No, there is nothing wrong w/the Reiner recording. Just wanted those who haven't heard that is an old recoreding and the reissue is old as well, so they could buy or listen w/that in mind.


----------



## campy (Aug 16, 2012)

Elliott Carter. (Bernstein 1970 recording.)


----------



## Weston (Jul 11, 2008)

I've just acquired the Kodaly concerto for orchestra, but I haven't heard enough of it to compare it to the Bartok. I've never been that thrilled with the Bartok to be honest.


----------



## TrevBus (Jun 6, 2013)

Weston said:


> I've just acquired the Kodaly concerto for orchestra, but I haven't heard enough of it to compare it to the Bartok. I've never been that thrilled with the Bartok to be honest.
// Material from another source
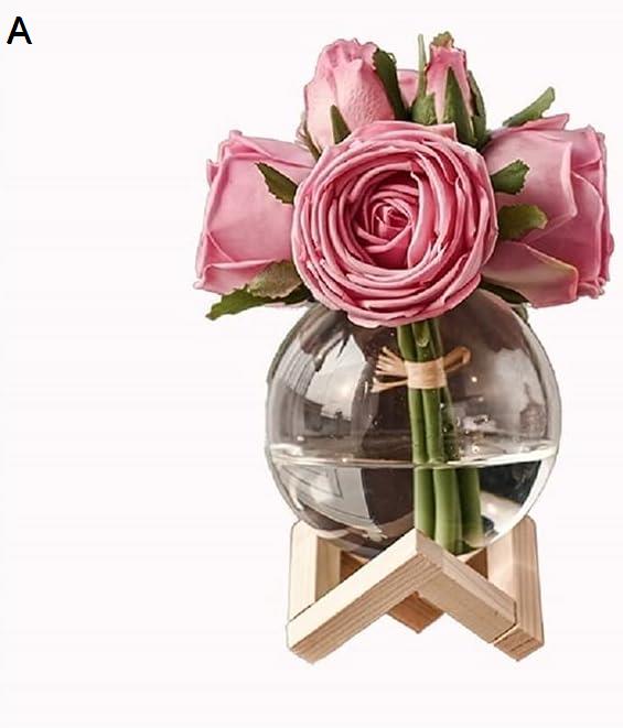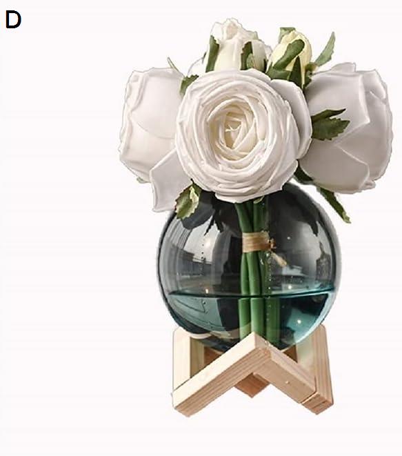 家のキッチンの結婚披露宴の装飾のための寝室のハイエンド偽の花の花束のためのガラスの花瓶の人工的なバラの花 造花 (Color : A)
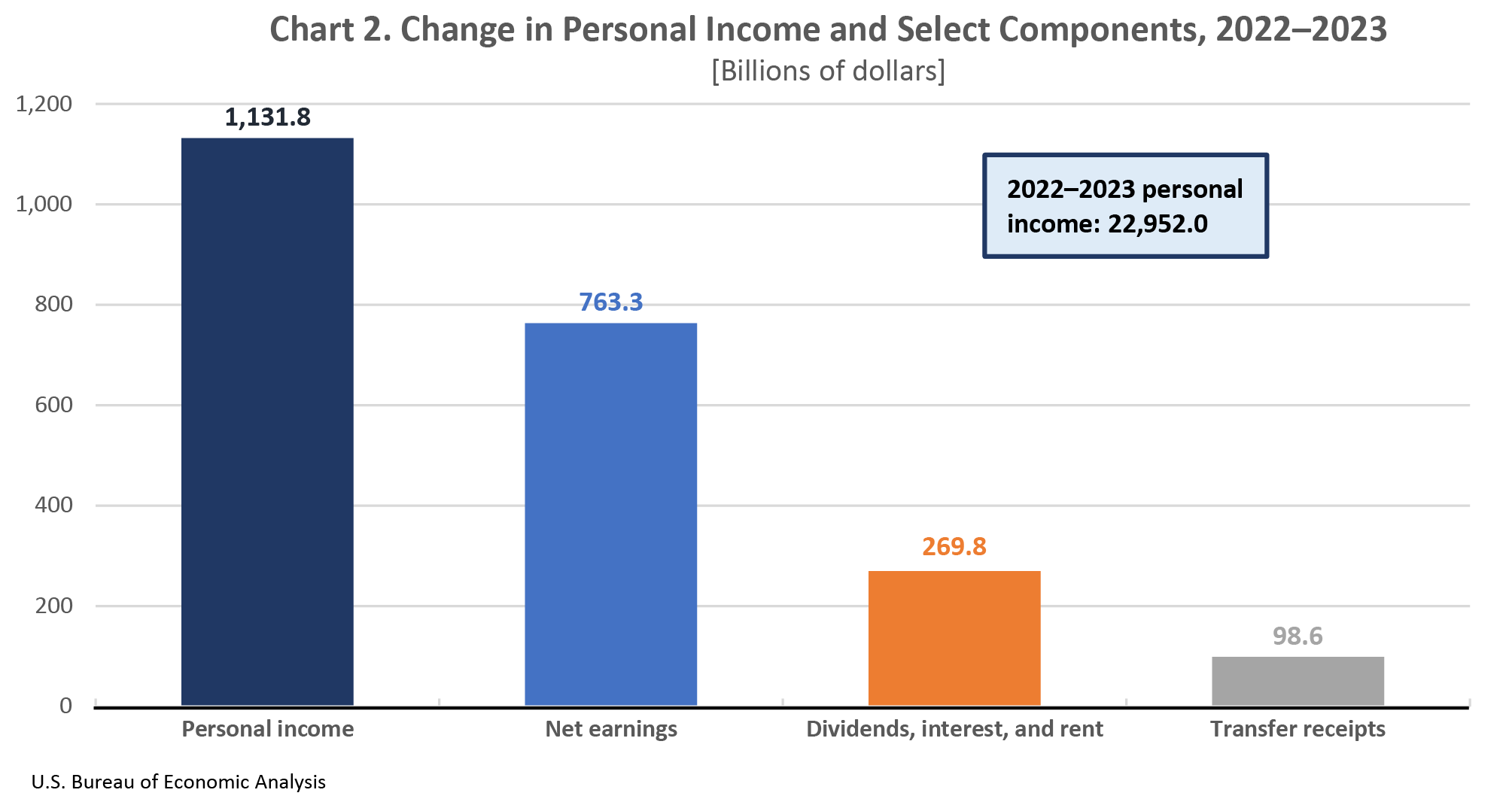 Nationally, increases in earnings, property income, and transfer receipts contributed to the increase in personal income (chart 2).

Well, to be very honest, neither am I. However, his 'Concerto for Orchestra', I am very enthrallrd by. Esp. the recording of Reiner on the old RCA, as I said earlier.


----------



## julianoq (Jan 29, 2013)

Bartók CfO is my favorite, also with Reiner and CSO. Lutoslawski's one comes next.


----------



## Neo Romanza (May 7, 2013)

Casella has a very nice _Concerto for Orchestra_ as does Holmboe and Hindemith. My vote goes to Lutoslawski by default.  Like Weston, I have never been too impressed with Bartok's _Concerto for Orchestra_. I'm more into early and mid-period Bartok.


----------